Dataset excerpt:

⟨

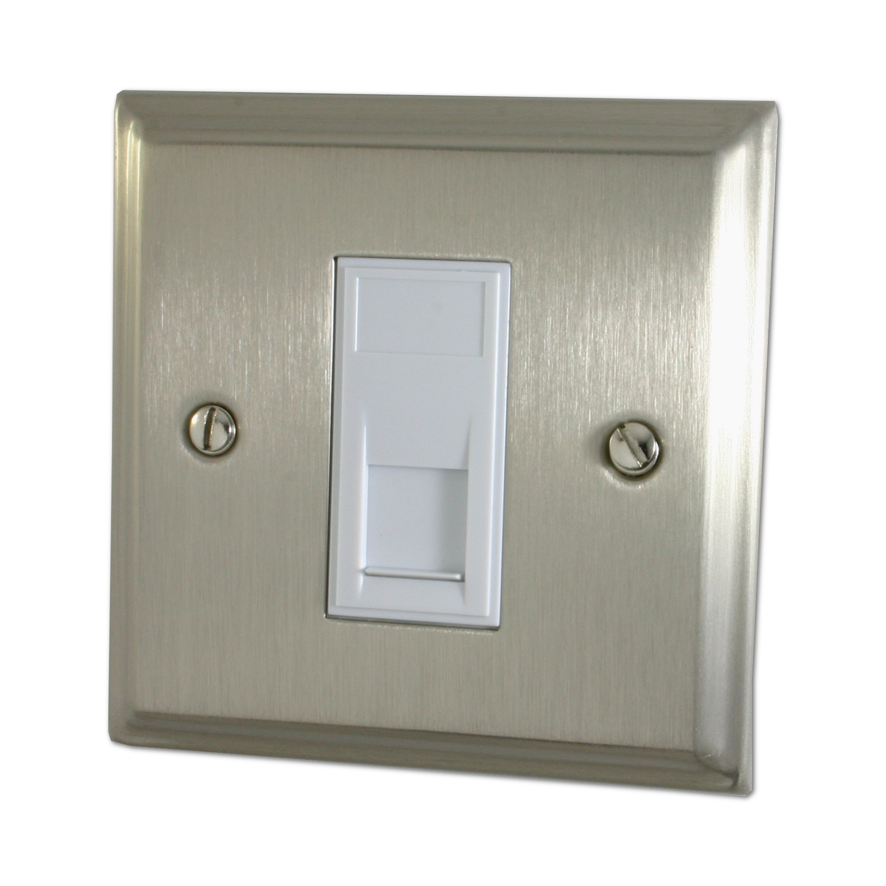 Deco Satin Nickel RJ45 Socket (1 Gang/White Insert) - G+H DSN61W
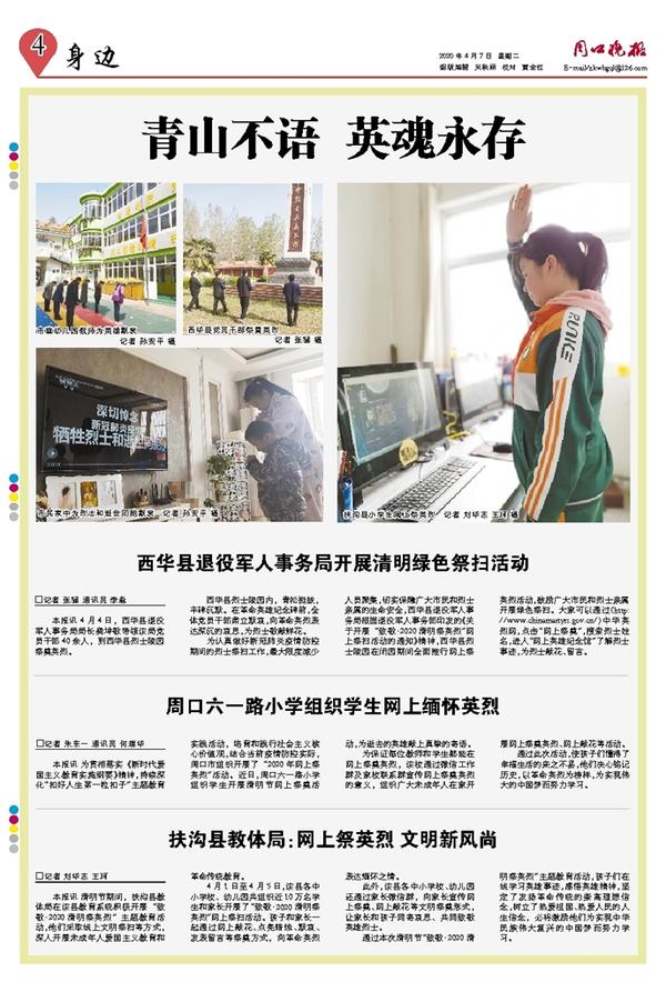 本报讯 清明节期间,扶沟县教体局在该县教育系统积极开展“致敬·2020清明祭英烈”主题教育活动,他们采取线上文明祭扫等方式,深入开展未成年人爱国主义教育和革命传统教育。
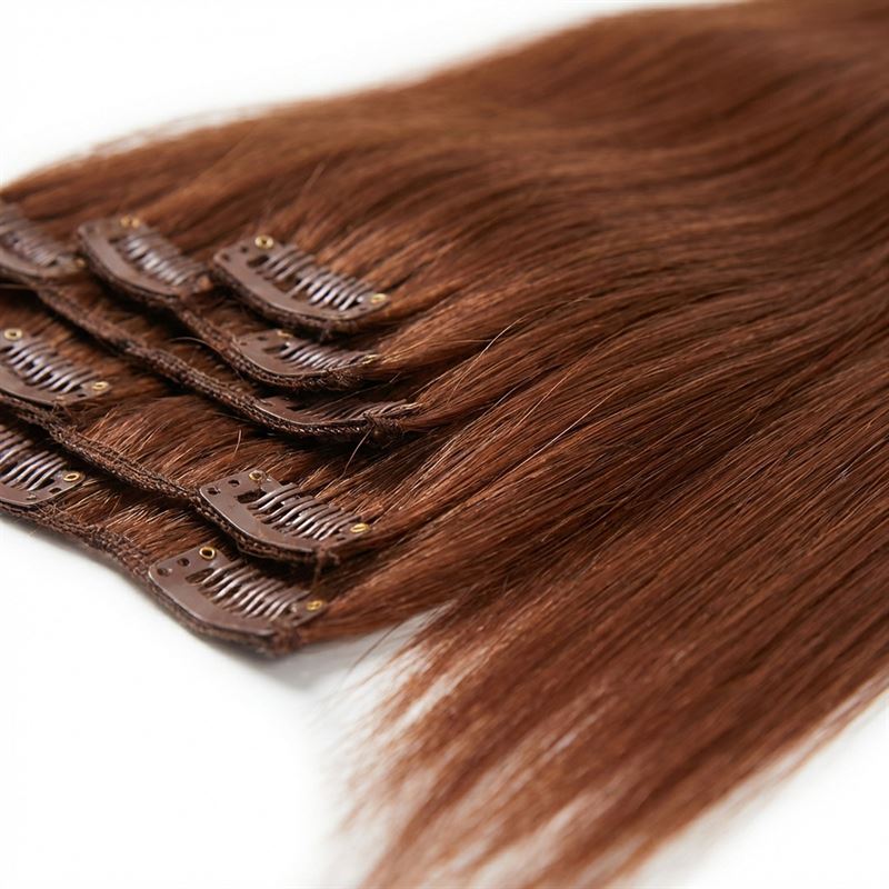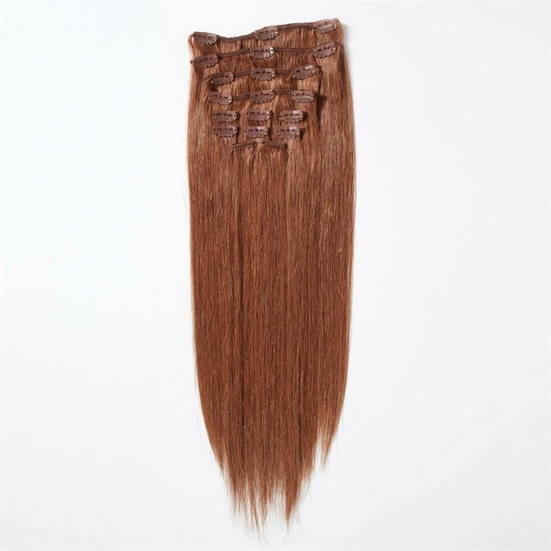 Lækkert 7 set kvalitet hair extensions sæt 50 cm 33# farvekode rød.

⟩

Work instructions: Pictures are to be dropped, and the lines from the line with "本报讯 清明节期间,扶沟县教" through the end of the material above are to be reproduced exactly.

Exercise solution:
 本报讯 清明节期间,扶沟县教体局在该县教育系统积极开展“致敬·2020清明祭英烈”主题教育活动,他们采取线上文明祭扫等方式,深入开展未成年人爱国主义教育和革命传统教育。
 Lækkert 7 set kvalitet hair extensions sæt 50 cm 33# farvekode rød.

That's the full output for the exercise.